In recovery, my paradigm shifted to a different and life-changing perspective. The truth is a) There is no hole in me; b) I am not too damaged to heal; and 3) joy comes from within, not from without.

Today I am a whole person, complete in myself, but always needing the healthy interaction and interdependency with others, which codependency destroys. My 12-step programs help me to look to the parts of my life which have become chaotic and unmanageable (e.g. serial monogamy); find a Higher Power with whom I can do business as a student in the arms of a loving teacher and best friend; and make choices that support my belief that I am worthy of love, joy and fulfillment in and out of a love relationship.

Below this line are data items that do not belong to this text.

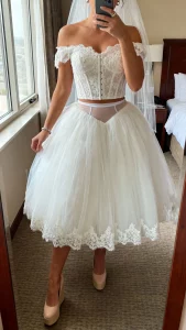 Wear it with a sweetheart neckline, off-shoulder sleeves, or a mini reception dress. If your hair is fine, clip in a couple of wefts under the half-up section for fullness—trust me, it’s a game changer. For outdoor weddings, anchor the teased area with a few hidden cross-pins.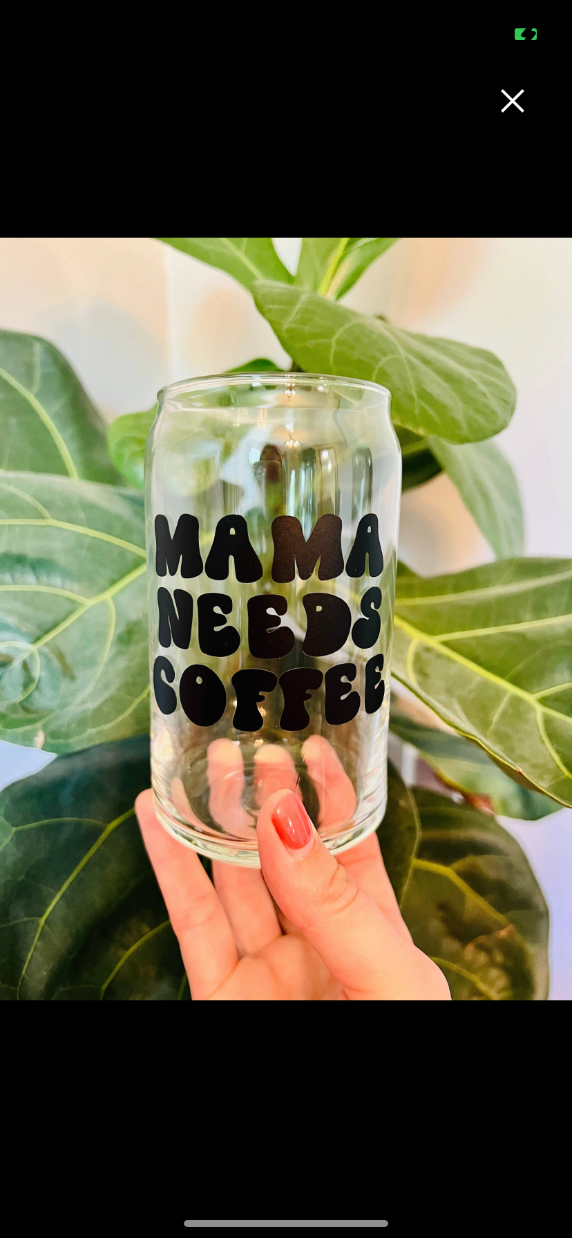 Mama Needs Coffee Beer Can Glass w/ Lid & Straw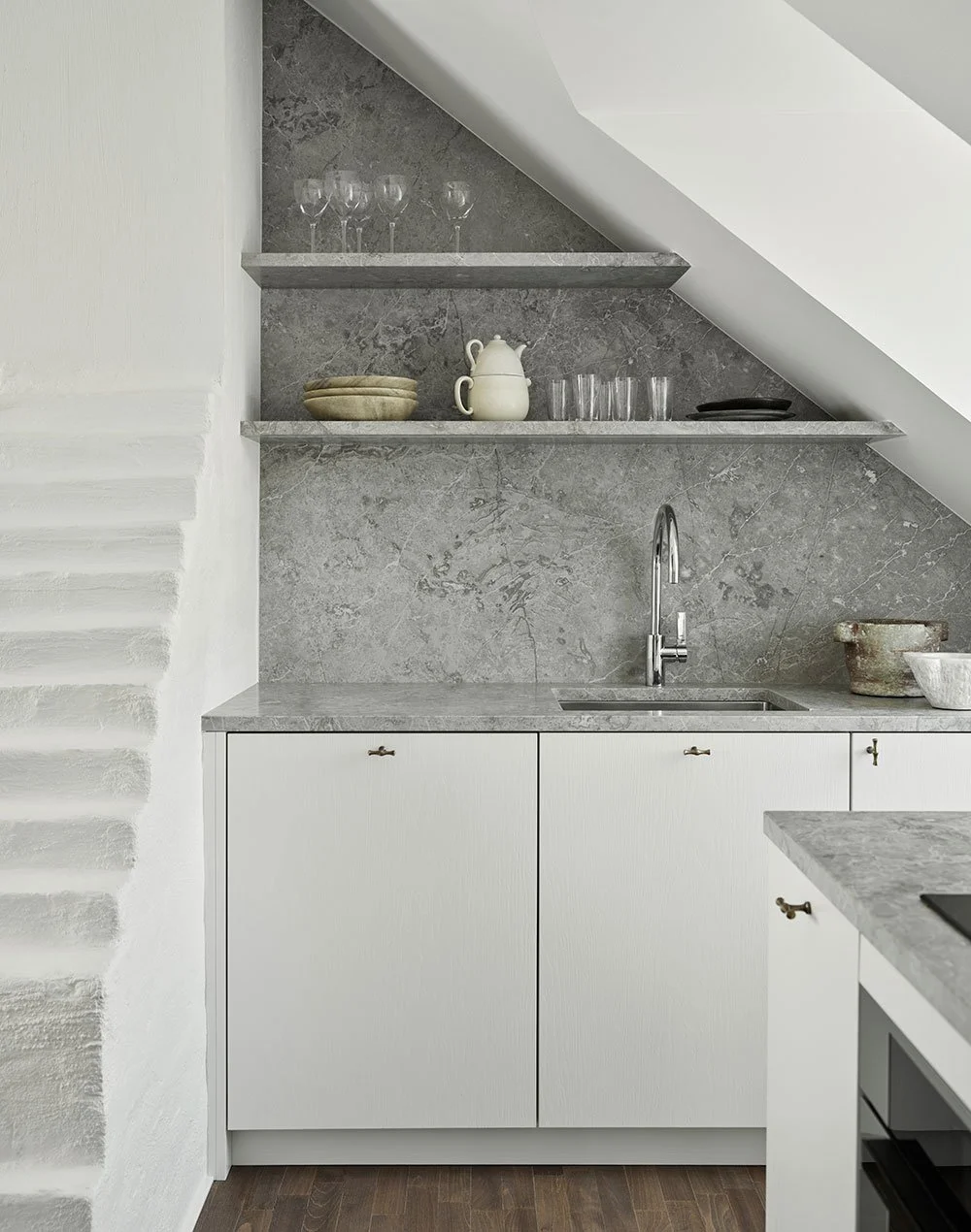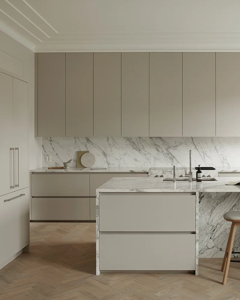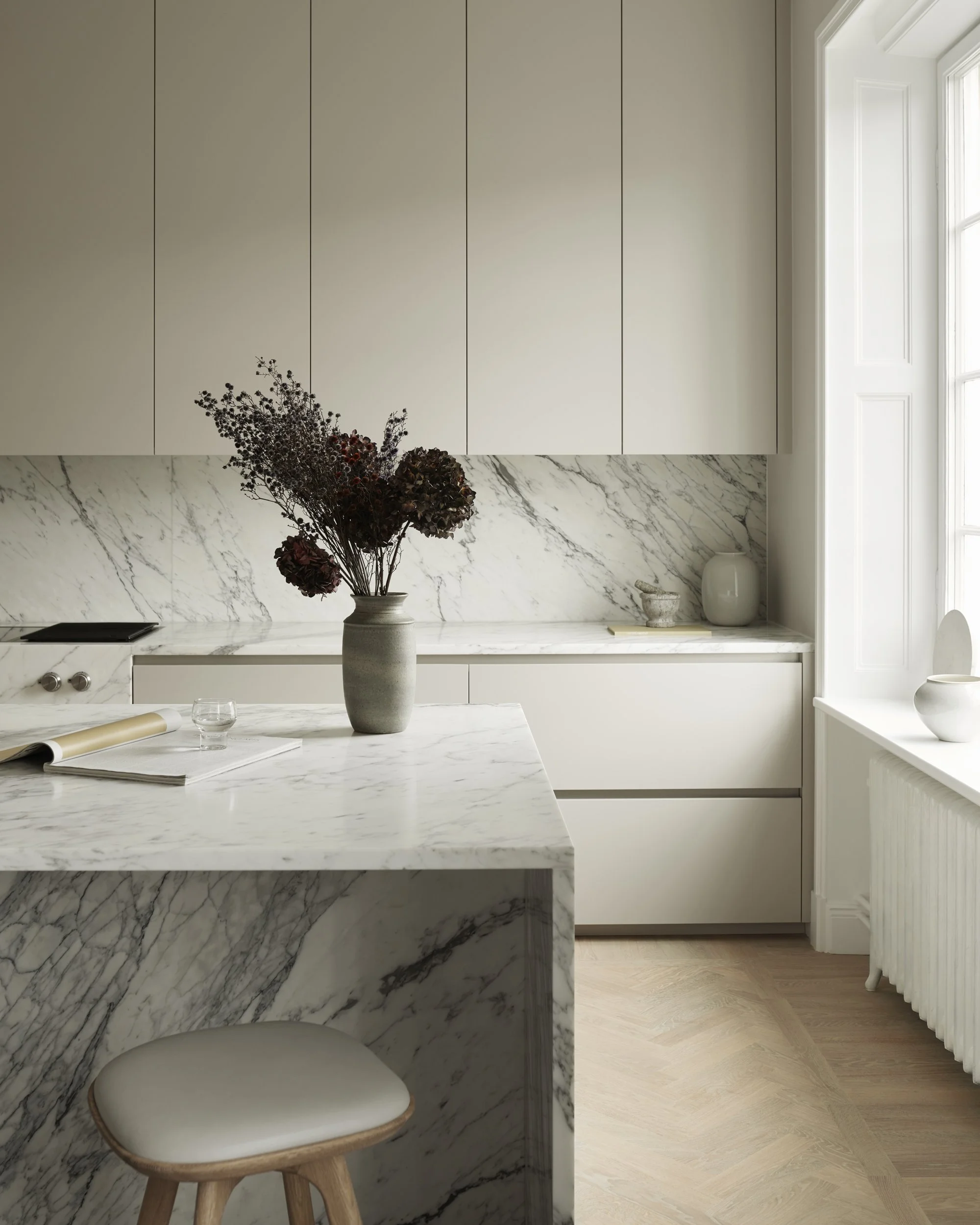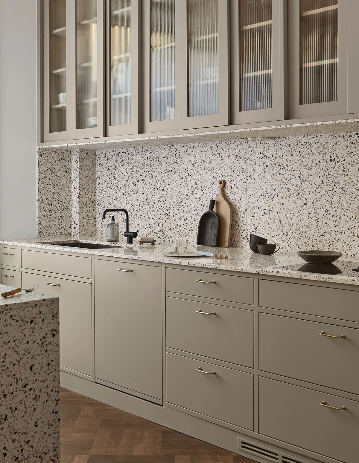 Tidlöst minimalistiskt kök med vacker Terrazzo-bänkskiva.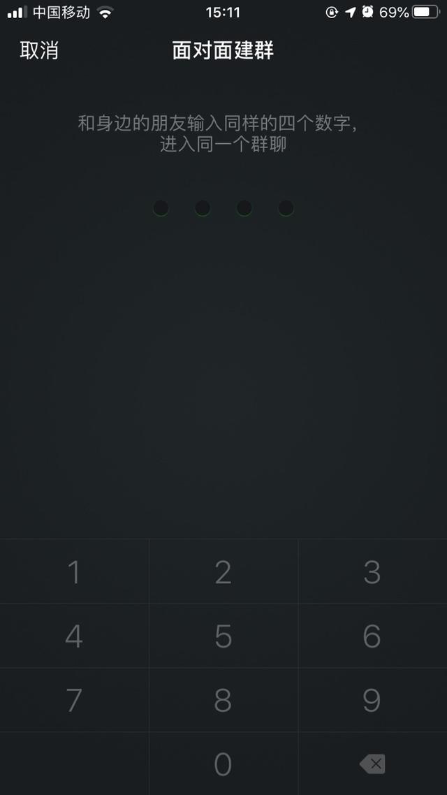 ② 点击“发起群聊”的功能以后选择“面对面建群”,和身边的朋友输入同样的数字即可进入同一微信群聊。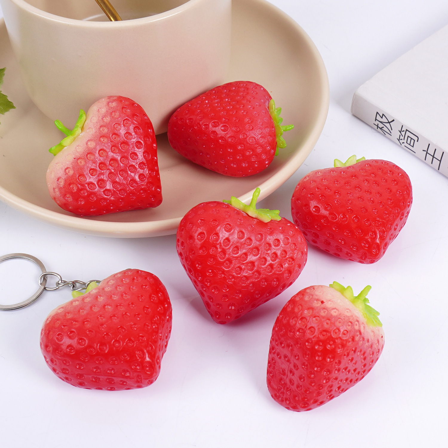 仿真水果心形草莓钥匙扣卡哇伊爱心红草莓包包挂件假食物草莓玩具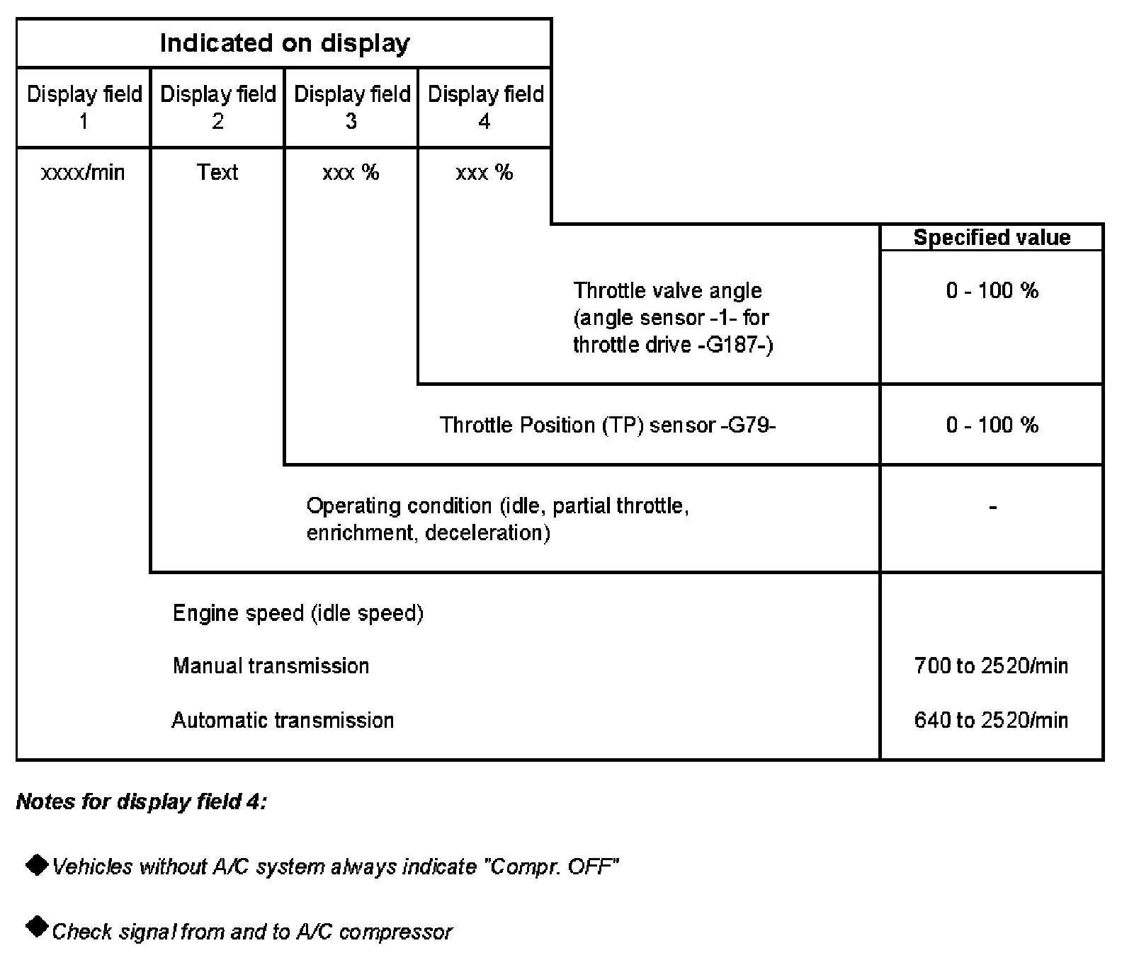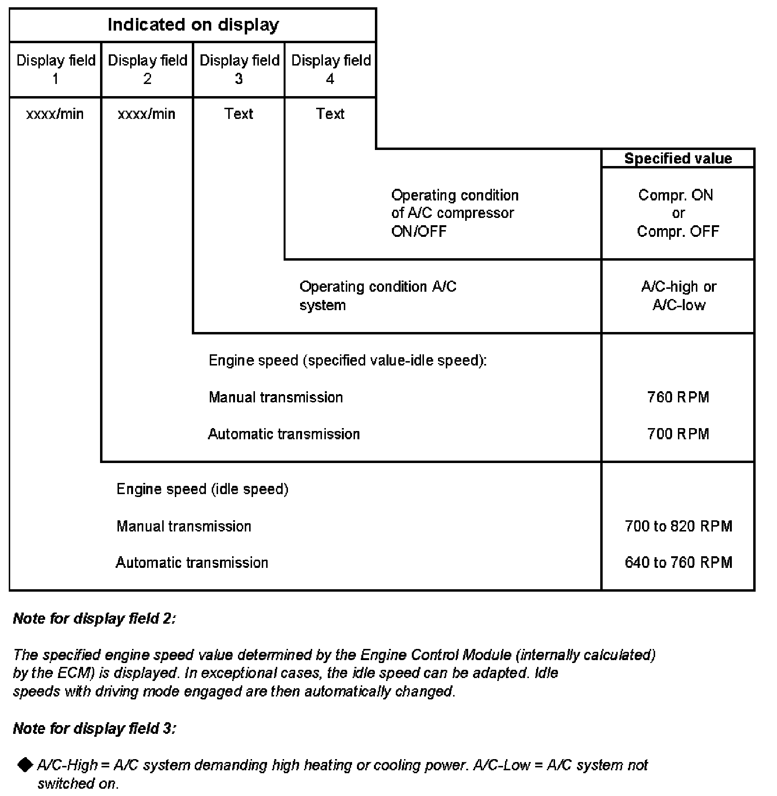 - Ignition on, engine standing

That helps me evaluate what people are healthy for me to talk with, work with and sleep with; and I stick with those. Which means by the way, that occasionally, even with the man I love, my husband, I walk away from conversations that are hurtful, I make amends promptly when I am doing the hurting; and sometimes I play with someone else (e.g. go to a movie, a dinner, a play ) and sometimes, to maintain my own serenity, I sleep in the guest bedroom. Today I demand respect of my partner, as I demand it of myself. I don't reward bad behavior that is thoughtless, rude or selfish, and I don't indulge that kind of behavior in myself.

My fairytale today still has the elements of joy, a good man and great excitement, but its no longer about "finding" the right man; its about being the "right" woman and the rest follows in due course. "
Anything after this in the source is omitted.